Write out the listing below in its entirety, minus the pictures, without changing a word.
Top of DATA EXCERPT
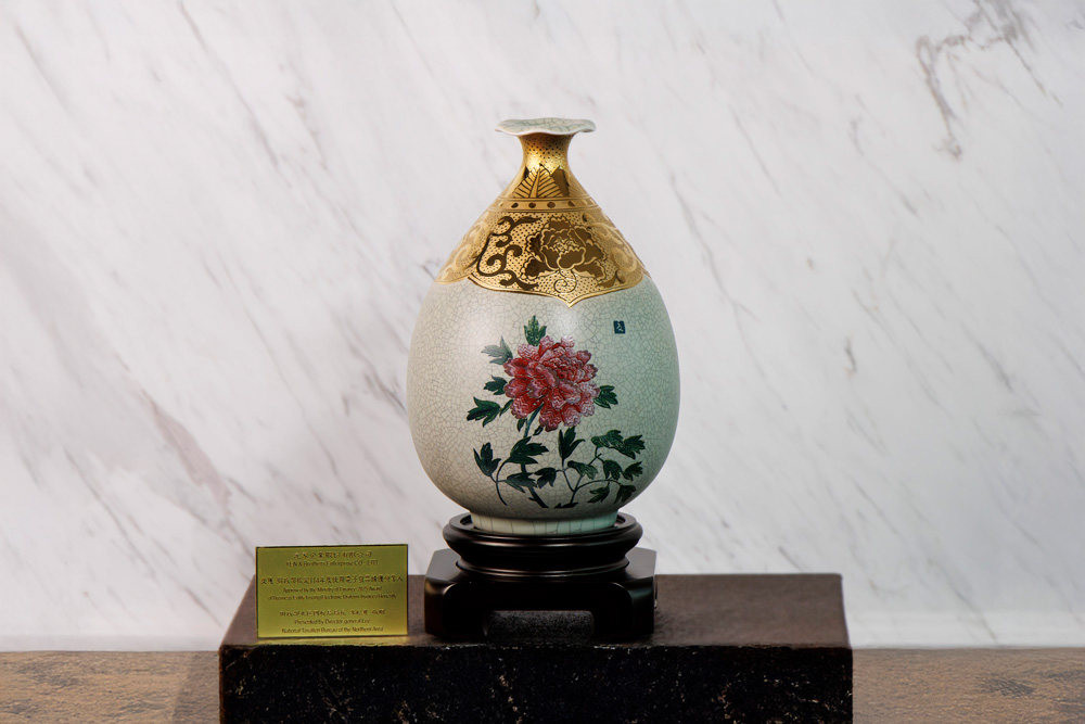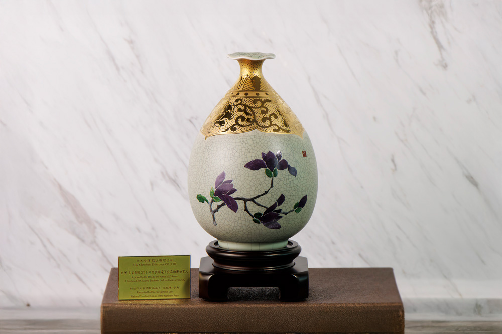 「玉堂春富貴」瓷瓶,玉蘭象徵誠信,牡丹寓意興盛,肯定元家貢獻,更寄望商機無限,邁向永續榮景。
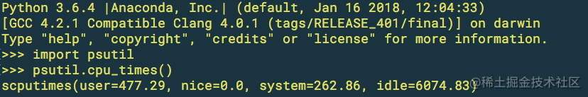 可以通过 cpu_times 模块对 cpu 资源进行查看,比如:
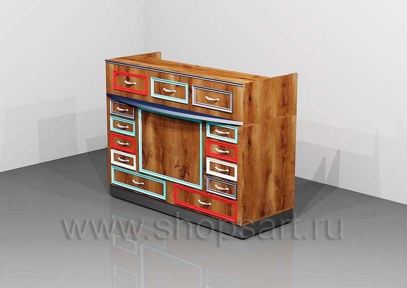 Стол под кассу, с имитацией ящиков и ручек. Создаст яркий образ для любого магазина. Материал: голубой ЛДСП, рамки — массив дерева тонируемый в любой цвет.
Bottom of DATA EXCERPT
• **ANSWER SECTION**:
 「玉堂春富貴」瓷瓶,玉蘭象徵誠信,牡丹寓意興盛,肯定元家貢獻,更寄望商機無限,邁向永續榮景。
 可以通过 cpu_times 模块对 cpu 资源进行查看,比如:
 Стол под кассу, с имитацией ящиков и ручек. Создаст яркий образ для любого магазина. Материал: голубой ЛДСП, рамки — массив дерева тонируемый в любой цвет.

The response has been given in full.